═══ Data extracts

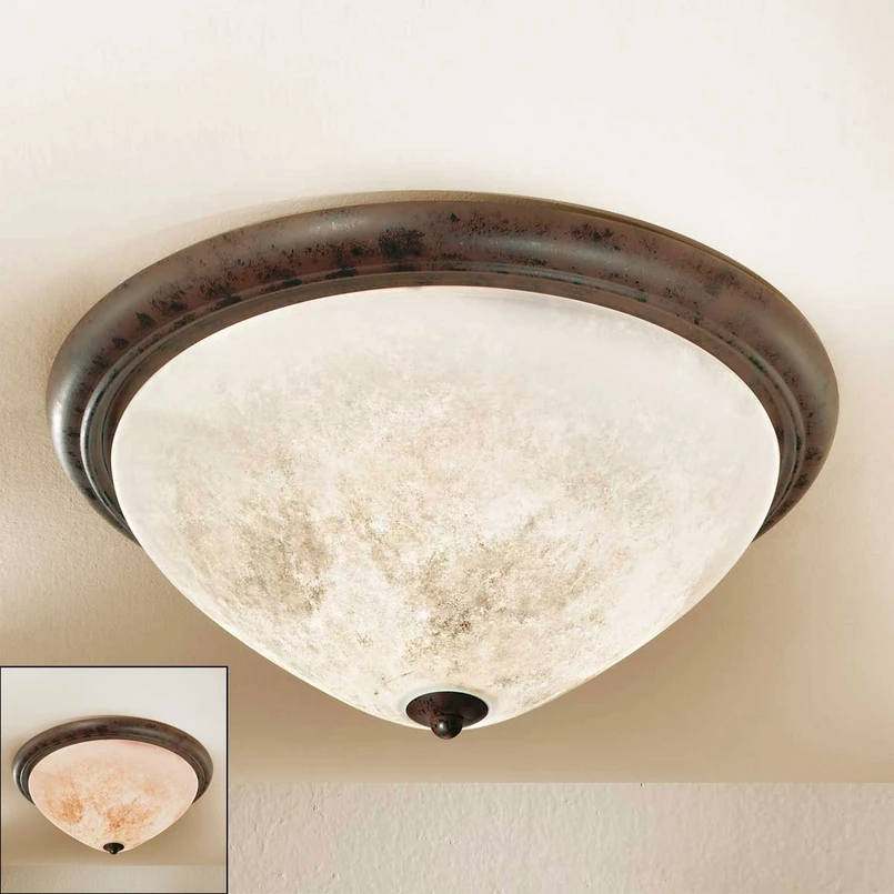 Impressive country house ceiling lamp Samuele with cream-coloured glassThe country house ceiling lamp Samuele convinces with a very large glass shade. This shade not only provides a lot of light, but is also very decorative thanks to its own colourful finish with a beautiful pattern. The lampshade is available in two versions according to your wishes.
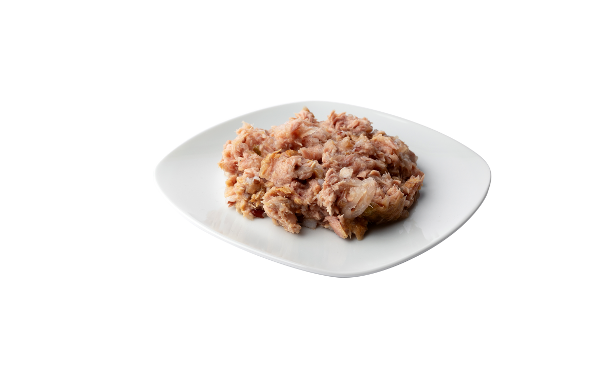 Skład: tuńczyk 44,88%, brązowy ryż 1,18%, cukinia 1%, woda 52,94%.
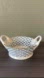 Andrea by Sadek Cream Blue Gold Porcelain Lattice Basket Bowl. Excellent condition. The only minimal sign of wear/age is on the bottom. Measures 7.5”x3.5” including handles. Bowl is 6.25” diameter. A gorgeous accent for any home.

══════
═══ Data extracts

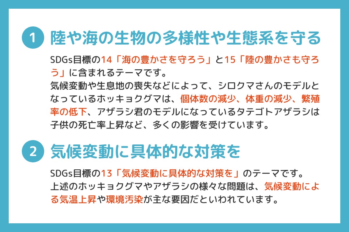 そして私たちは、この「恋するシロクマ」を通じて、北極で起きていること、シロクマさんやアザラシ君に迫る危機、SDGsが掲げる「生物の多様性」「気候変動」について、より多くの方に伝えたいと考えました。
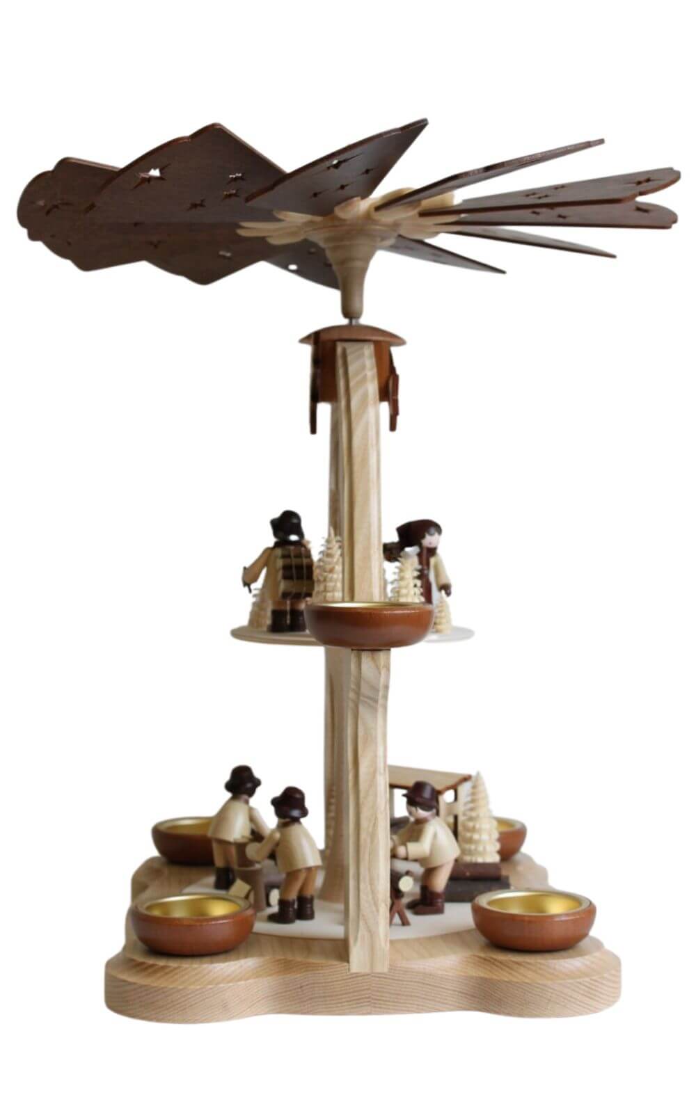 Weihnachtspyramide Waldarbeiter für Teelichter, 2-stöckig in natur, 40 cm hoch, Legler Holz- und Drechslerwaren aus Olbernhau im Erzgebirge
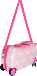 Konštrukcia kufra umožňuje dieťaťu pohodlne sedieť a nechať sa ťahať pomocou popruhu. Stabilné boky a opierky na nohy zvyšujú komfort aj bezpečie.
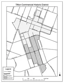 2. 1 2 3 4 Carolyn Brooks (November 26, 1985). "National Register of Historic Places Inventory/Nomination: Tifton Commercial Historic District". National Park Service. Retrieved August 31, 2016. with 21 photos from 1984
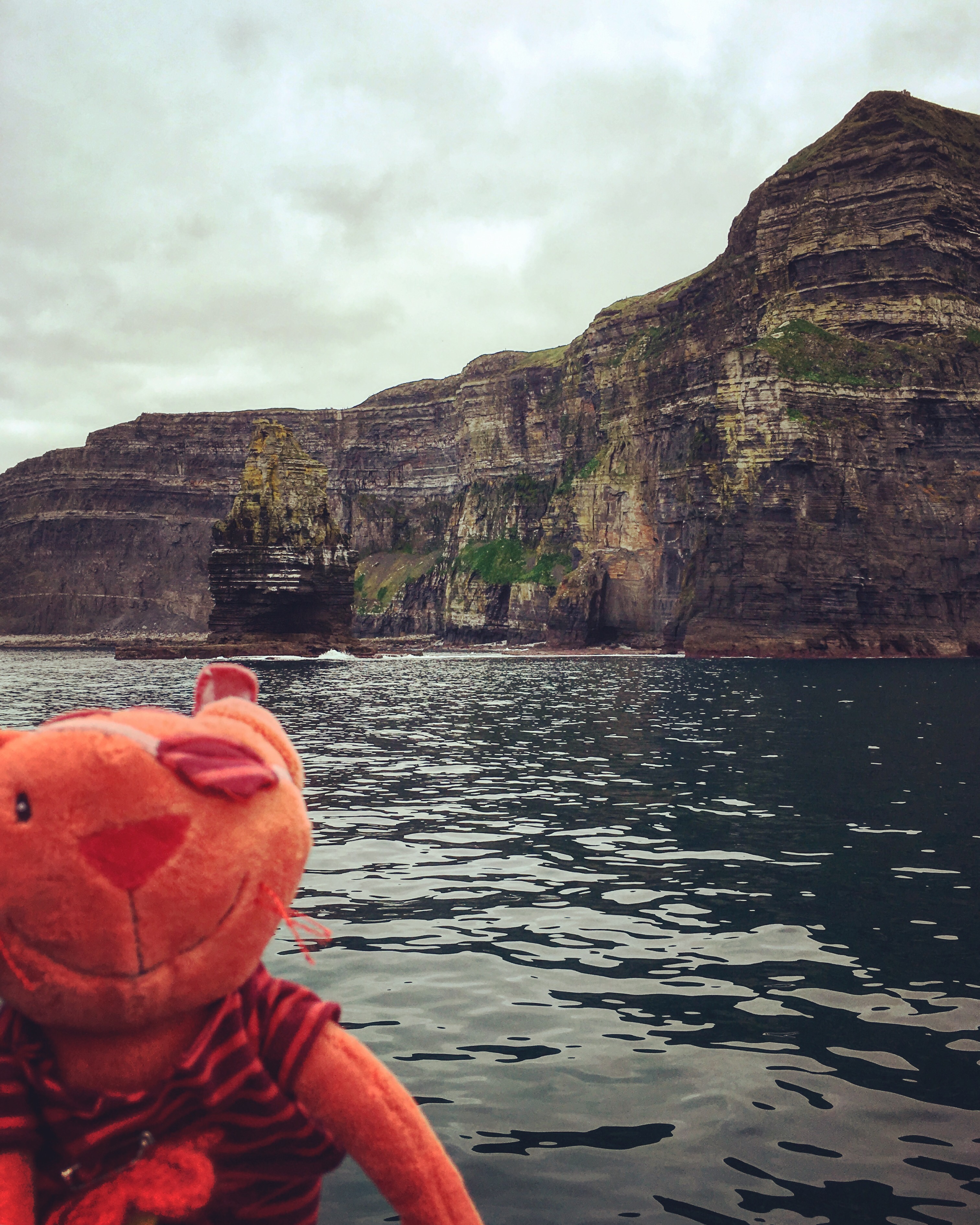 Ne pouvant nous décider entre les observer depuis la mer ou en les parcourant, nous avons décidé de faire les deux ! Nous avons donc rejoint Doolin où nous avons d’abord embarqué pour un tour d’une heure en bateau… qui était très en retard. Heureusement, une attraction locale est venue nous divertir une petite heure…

══════

Prompt = A verbatim reproduction is expected: starting at the line above that has "Konštrukcia kufra umožňuje", ending at the line that has "2. 1 2 3 4 Carolyn", both included, and with no pictures and no other lines.

Answer to this problem =
 Konštrukcia kufra umožňuje dieťaťu pohodlne sedieť a nechať sa ťahať pomocou popruhu. Stabilné boky a opierky na nohy zvyšujú komfort aj bezpečie.
 2. 1 2 3 4 Carolyn Brooks (November 26, 1985). "National Register of Historic Places Inventory/Nomination: Tifton Commercial Historic District". National Park Service. Retrieved August 31, 2016. with 21 photos from 1984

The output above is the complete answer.